Nodding, I sigh. “She called me a few weeks ago. Funny, I’d never even thought of hunting her down. We talked a couple times and she wanted to get together, but I wasn’t ready for that.”

“I’m guessing you haven’t told your family?”

See, on the same wavelength. “No. That would only have made things worse.”

“Or it could have lightened the load. Families are good like that sometimes.”

Maybe. “I did look up her address one day, then cut class and drove three hours to East Texas and went down her street.” I pick at my thumbnail. Why am I doing this to myself? To a day that’s been near perfect. “She lives in this dumpy little town in a crappy mobile home. Junk and kids’ toys scattered all over the yard.” I look up. “Did I tell you I have five more siblings?” I hold up my hand, spreading my fingers wide to emphasize. “Five. And if I’m understanding her story right, none of us has the same dad.”
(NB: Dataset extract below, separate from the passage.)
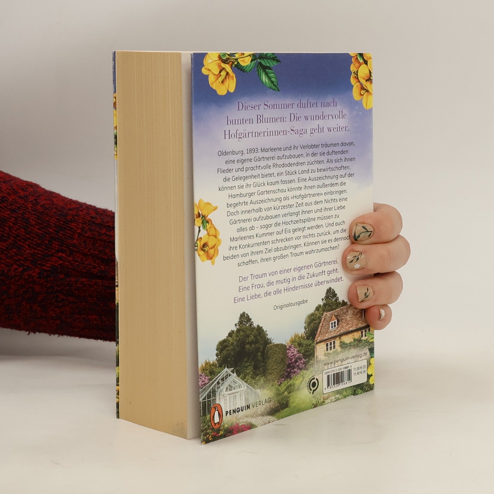 Der Traum einer eigenen Gärtnerei. Eine Frau, die mutig in die Zukunft geht. Eine Liebe, die alle Hindernisse überwindet. Oldenburg, 1893: Marleene und ihr Verlobter träumen davon, eine eigene Gärtnerei aufzubauen, in der sie duftenden Flieder und prachtvolle Rhododendren züchten. Als sich ihnen die Gelegenheit bietet, ein Stück Land zu bewirtschaften, können sie ihr Glück kaum fassen. Eine Auszeichnung auf der Hamburger Gartenschau könnte ihnen außerdem die begehrte Auszeichnung als »Hofgärtnerei« einbringen. Doch innerhalb von kürzester Zeit aus dem Nichts eine Gärtnerei aufzubauen verlangt ihnen und ihrer Liebe alles ab – sogar die Hochzeitspläne müssen zu Marleenes Kummer auf Eis gelegt werden. Und auch ihre Konkurrenten schrecken vor nichts zurück, um die beiden von ihrem Ziel abzubringen. Können sie es dennoch schaffen, ihren großen Traum wahrzumachen? Dieser Sommer duftet nach bunten Blumen. Die wundervolle Hofgärtnerinnen-Saga geht weiter. In hochwertig veredelter, liebevoller Ausstattung. »Ein sehr sinnliches Lesevergnügen.« freundin über ›Die Hofgärtnerin. Frühlingsträume‹ Alle Bände der Saga: Buch 1: »Die Hofgärtnerin – Frühlingsträume« (Neuerscheinung 2021) Buch 2: »Die Hofgärtnerin – Sommerleuchten« (Neuerscheinung 2022) Buch 3: »Die Hofgärtnerin – Blütenzauber« (Neuerscheinung 2023) Der Traum einer eigenen Gärtnerei. Eine Frau, die mutig in die Zukunft geht. Eine Liebe, die alle Hindernisse überwindet. Eine Kindheit voller Fliederduft: Da Rena Rosenthal in der Gärtnerei ihrer Eltern aufwuchs, wurde ihr die Liebe zu den Blumen in die Wiege gelegt Mit vielen Rezepturen für selbstgemachte Kosmetik zum Ausprobieren

His green eyes round ever so slightly.

I scratch furiously at the cuticle on my thumb. “What if…”

What am I thinking? I can’t legitimize my fear, much less to this man who got in so deep when all he wanted was a simple hookup.

“What if momma’s a tramp so daughter is too?”

Hearing it spoken is like the twist of a knife, but I’m glad he spared me having to say it. I nod, freaking scared to death of his answer.

“I can’t speak for your mom—your birth mother, that is—but you are not a tramp, Annalise.”

“How can you say that?” Of all the people on this planet.

“I can say it because I’ve known a few um,tramps, in my day, so trust me on this one. Maybe you act out a little when you’re hurting. That doesn’t make you of low character.”

“Maybe my mom was hurting too.”

He holds my gaze for a moment and I’m pretty sure he’s not buying it. “Maybe so.”

Something rises up in me. “I don’t know why the guys get off without all the judgment. Nobody calls them nasty stuff. It isn’t fair.”

His face goes all pensive for several seconds, until he slaps his thighs and stands. “No, it is not—but now you’re just getting personal.”